You'll reduce the size of 16 images with hand written digits (MNIST dataset) using PCA.

The samples are 28 by 28 pixel gray scale images that have been flattened to arrays with 784 elements each (28 x 28 = 784) and added to the 2D numpy array X_test. Each of the 784 pixels has a value between 0 and 255 and can be regarded as a feature.

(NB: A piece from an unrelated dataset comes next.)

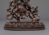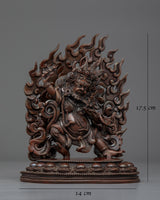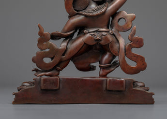 Introducing our Vajrapani Handmade Oxidized Small Statue, which was skillfully handmade in Patan, Nepal. Crafted from oxidized copper, this magnificent object perfectly captures the rich legacy of Nepalese metalworking. Vajrapani is shown in a dynamic and commanding position, signifying his role in overcoming challenges and offering spiritual protection. Vajrapani is the embodiment of strength and protection. Our artists' extraordinary talent is showcased by the statue's intricate features and ferocious face. The oxidized finish gives the statue a timeless spiritual depth.

A pipeline with a scaler and PCA model to select 78 components has been pre-loaded for you as pipe. This pipeline has already been fitted to the entire MNIST dataset except for the 16 samples in X_test.

def plot_digits(data):
    fig, axes = plt.subplots(4, 4, figsize=(6, 6),
                             subplot_kw={'xticks':[], 'yticks':[]},
                             gridspec_kw=dict(hspace=0.05, wspace=0.05))
    for i, ax in enumerate(axes.flat):
        ax.imshow(data[i].reshape(28, 28),
                  cmap='binary',
                  clim=(0, 300))
from sklearn.datasets import fetch_openml

X, y = X, y = fetch_openml('mnist_784', version=1, return_X_y=True)
X_train, X_test, y_train, y_test = train_test_split(X, y, test_size=0.3)
X_sample = X_test[:1600:100]
pipe = Pipeline([
    ('scaler', StandardScaler()),
    ('reducer', PCA(n_components=78))
])

pipe.fit(X_train)
Pipeline(memory=None,
         steps=[('scaler',
                 StandardScaler(copy=True, with_mean=True, with_std=True)),
                ('reducer',
                 PCA(copy=True, iterated_power='auto', n_components=78,
                     random_state=None, svd_solver='auto', tol=0.0,
                     whiten=False))],
         verbose=False)
plot_digits(X_sample)
pc = pipe.transform(X_sample)

# Prints the number of features per dataset
print("X_test has {} features".format(X_sample.shape[1]))
print("pc has {} features".format(pc.shape[1]))
X_test has 784 features
pc has 78 features
X_rebuilt = pipe.inverse_transform(pc)

# Prints the number of features
print("X_rebuilt has {} features".format(X_rebuilt.shape[1]))
X_rebuilt has 784 features
plot_digits(X_rebuilt)

You've reduced the size of the data 10 fold but were able to reconstruct images with reasonable quality.